Efficacy and Safety of rTMS Combined With HA in the Treatment of Cognitive Decline in Aged Related Hearing Loss: A Single-Center Real-World Study

This study is a real-world interventional trial enrolling 189 participants: older adults with age-related hearing loss not using hearing aids (ARHL-nonHA), those using hearing aids (ARHL-HA), and those with normal hearing (HC). All groups will undergo hearing, cognitive (MMSE, MoCA, SCWT, DST, TMT), depression (GDS-15, HAMD-24), sleep (PSQI), and brain imaging (EEG, sMRI, rs-fMRI, task-fMRI) assessments. The ARHL-nonHA and ARHL-HA groups will receive two 14-day courses of high-frequency rTMS (one session daily). One month after treatment, reassessments will be conducted in these two groups. Data will then be analyzed to evaluate the cognitive benefits of rTMS combined with hearing aids and to explore the underlying brain mechanisms.

Study Overview

Status

Recruiting

Conditions

Detailed Description

This study plans to conduct an interventional real-world study, enrolling 189 participants according to inclusion and exclusion criteria, including elderly patients with age-related hearing loss who do not wear hearing aids (ARHL-nonHA group), elderly patients with age-related hearing loss who wear hearing aids (ARHL-HA group), and elderly individuals with normal hearing (HC group). Audiological assessments (pure-tone average PTA, speech recognition threshold SRT), cognitive function assessments (Mini-Mental State Examination (MMSE), Montreal Cognitive Assessment (MoCA), Stroop Color-Word Test(SCWT), Digit Span Test (DST), Trail Making Test A (TMT-A), Trail Making Test B(TMT-B)), depression and sleep assessments (Geriatric Depression Scale (GDS-15), Hamilton Depression Rating Scale (HAMD-24), Pittsburgh Sleep Quality Index (PSQI)), and imaging assessments (resting-state (EEG), structural (sMRI), resting-state functional (rs-fMRI), task-based functional (task-fMRI)) will be performed on these three groups of participants. The ARHL-nonHA group and the ARHL-HA group will receive high-frequency repetitive Transcranial Magnetic Stimulation(rTMS) for two treatment courses, with each course lasting 14 days and one session per day. One month later, audiometric, cognitive, and imaging assessments will be repeated for the ARHL-nonHA and ARHL-HA groups. After the study, data will be collected and analyzed to evaluate the improvement effects of rTMS combined with HA on cognitive function in elderly patients with hearing loss, as well as its underlying brain functional mechanisms.

Study Type

Interventional

Enrollment (Estimated)

189

Phase

  • Not Applicable

Contacts and Locations

This section provides the contact details for those conducting the study, and information on where this study is being conducted.

Study Contact

Study Locations

    • Guangdong
      • Guangzhou, Guangdong, China, 5100000
        • Recruiting
        • Sun Yat-Sen Memorial Hospital of Sun Yat-Sen University
        • Contact:

Participation Criteria

Researchers look for people who fit a certain description, called eligibility criteria.

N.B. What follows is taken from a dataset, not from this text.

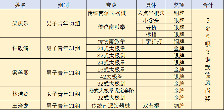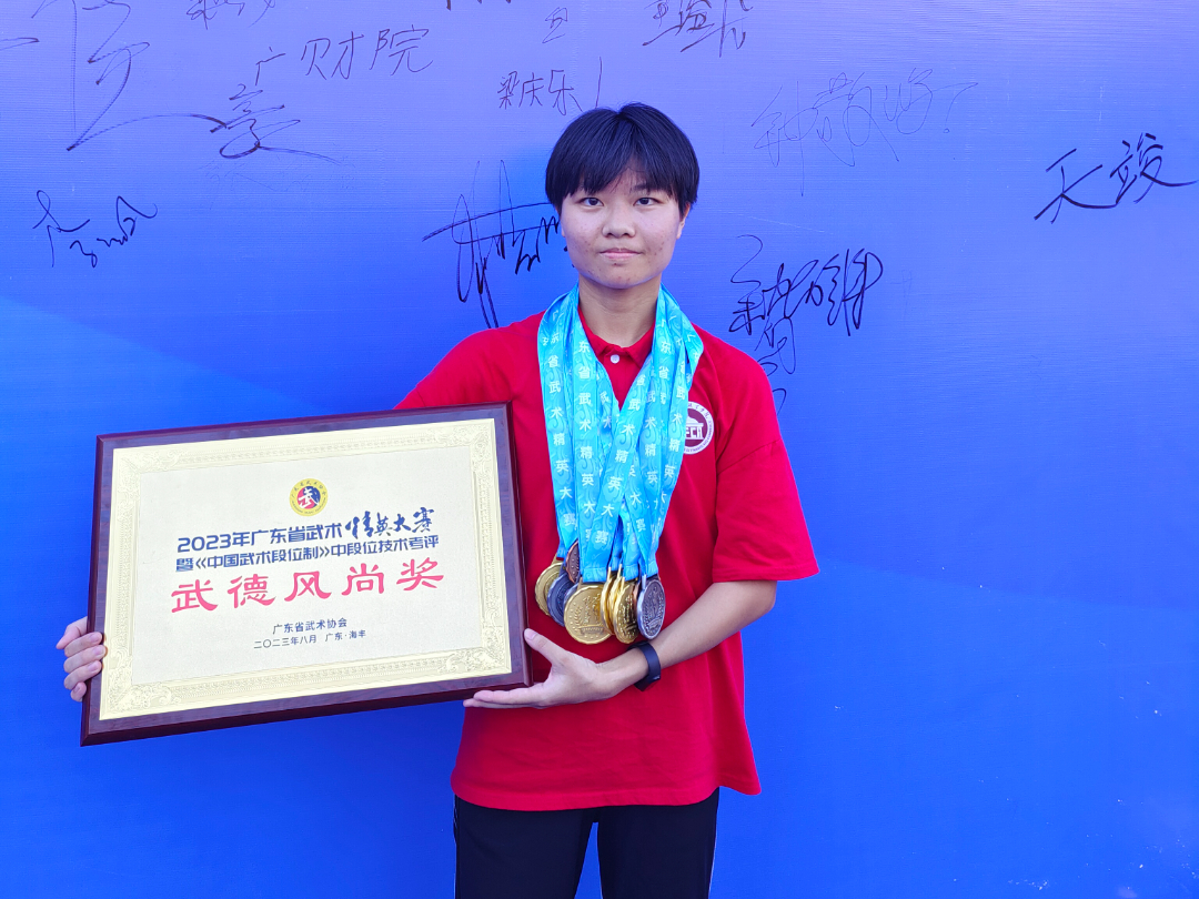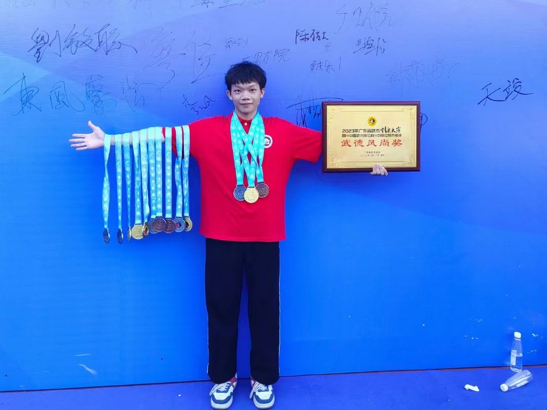 我校武术队在2023广东省武术精英大赛中勇夺奖牌14枚,参赛项目均取得良好战绩——5金6银3铜。两位教练员(时杰、李云凤)获评“优秀教练员”称号。

Some examples of these criteria are a person's general health condition or prior treatments.

Eligibility Criteria

Ages Eligible for Study

  • Adult
  • Older Adult

Accepts Healthy Volunteers

Yes

Description

Inclusion Criteria:

  1. Age ≥50 years and ≤85 years, regardless of gender.
  2. Diagnosed with age-related hearing loss (ARHL), characterized by symmetrical, slowly progressing hearing loss primarily affecting high frequencies, along with decreased speech recognition ability due to aging. This is in accordance with the "Expert Consensus on Diagnosis and Intervention of Age-Related Hearing Loss" 2019 edition.(Only ARHL-nonHA group and ARHL-HA group)
  3. The better ear has moderate, moderately severe, or severe hearing loss (based on the 2021 WHO hearing classification standards, i.e., PTA between 35~79dB).
  4. Wearing hearing aids for more than half a year, with daily wearing time exceeding 7.2 hours; (Only ARHL-HA group)
  5. Chinese nationals who can complete all assessments in Chinese.
  6. Right-handed.
  7. Educational level of at least 6 years.
  8. Informed consent obtained, agreeing to participate in the trial with no plans to relocate within one year.

Exclusion Criteria:

  1. Exclusion of hearing loss due to noise, genetics, ototoxic drugs, or other non-age-related causes;
  2. History of central nervous system disorders such as cerebral infarction, stroke, epilepsy, or traumatic brain injury;
  3. Diagnosis of dementia or other neurodegenerative diseases that affect compliance with the study;
  4. Presence of major neurological disorders, severe systemic diseases, family history of hereditary conditions, or major psychiatric disorders;
  5. Contraindications to MRI;
  6. Contraindications to rTMS.

Study Plan

This section provides details of the study plan, including how the study is designed and what the study is measuring.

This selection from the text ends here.